The first sign of trouble came when the pilot’s yoke-mounted GPS announced “External power lost. Switching to battery.” Before the pilot could wrap his head around that, the instrument panel went as dark as the inky night outside. Central Florida is thinly inhabited, offering few ground references. Fighting vertigo but keeping his cool, he knew that his Bonanza was trimmed for straight and level cruise. Using his GPS, he gingerly turned east toward the ocean with well-lit towns and cities hugging the shore, aiming at his home base, Boca Raton airport, KBCT. The engine droned along as if all was right with the world.
No Juice—Serious Juju
He did not have to fumble for a flashlight; it was mounted on his forehead. Snapping it on, he went through his electrical system failure checklist. Circuit breakers in, avionics master off, master switch off for 30 seconds and then back on again. Repeat. Nothing. There would be no more electrons from the airplane this night.
He reached for the standby handheld, right on the seat, and even better, connected it to an outside antenna he’d installed years ago in anticipation of this event. Being IFR, he called Miami Center and declared an emergency due to electrical failure. The controller told him to squawk 7600, reinforcing the old dictum that “Flying the airplane is more important than radioing your plight to a person on the ground incapable of understanding it.” He (almost) laughed as he repeated the nature of his emergency.
Center tracked him as a primary target and issued a vector toward KBCT. This he could do via GPS and compass. Nearing BCT, Approach handed him off to tower knowing they had an emergency inbound. Unable to see the Bonanza (no lights, remember?) he was given a steady green light to land on Runway 5.

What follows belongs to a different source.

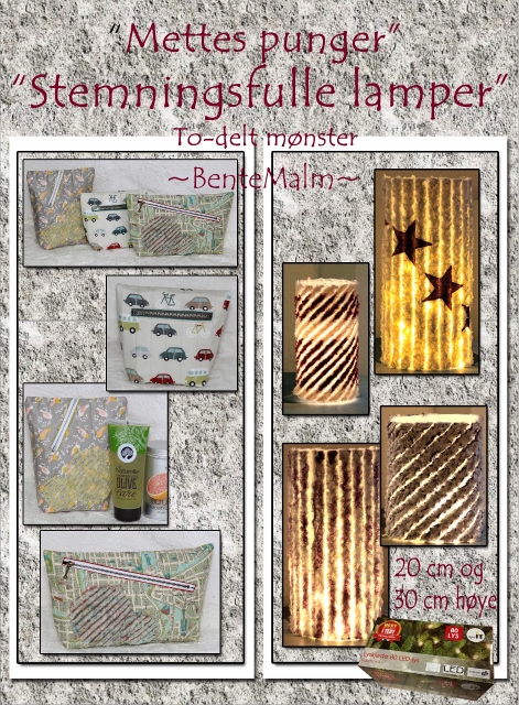 Beskrivelse To-delt mønster. Punger og liten toalettveske. Str: 11? x 6? x 3?, str: 7? x 8? x 3?, str: 7? x 6? x 3? (b x h x d, målt på det bredeste). Glidelåsen er sydd som ’passpoilert’ lomme. Dette er en enkel og rask måte å sy glidelås på, som mange kan klare. Stemningsfulle lykter: Str: 20 cm – 30 cm høyde. Rufseteknikk. Lyktene er enkle å lage. ”Innmaten” er 1,5 liters vannflaske, 5 liters vanndunk og eller malplast. Det er brukt lyskjeder med Led-lys, enten batteridrevet eller på strøm. Til de største lampene kan det brukes kjeder med ’juletrelys’ på 40 – 80 pærer. (OBS, Bruk LED-lys som |

Now he had troubles. The gear required electricity. He had to crank the gear down by hand. Being slight of stature, he was unable to crank it all the way down. On landing, the right main gear collapsed. Even so, he walked away.
Subsequent inspection showed the standby alternator he had paid to have installed was really an automobile alternator, that the wiring was a rat’s nest of fumbled connections and loose wires not connected to anything. The FAA inspector had never seen the like. Then they discovered the “A&P” wasn’t an A&P. He and the pilot’s money were nowhere to be found.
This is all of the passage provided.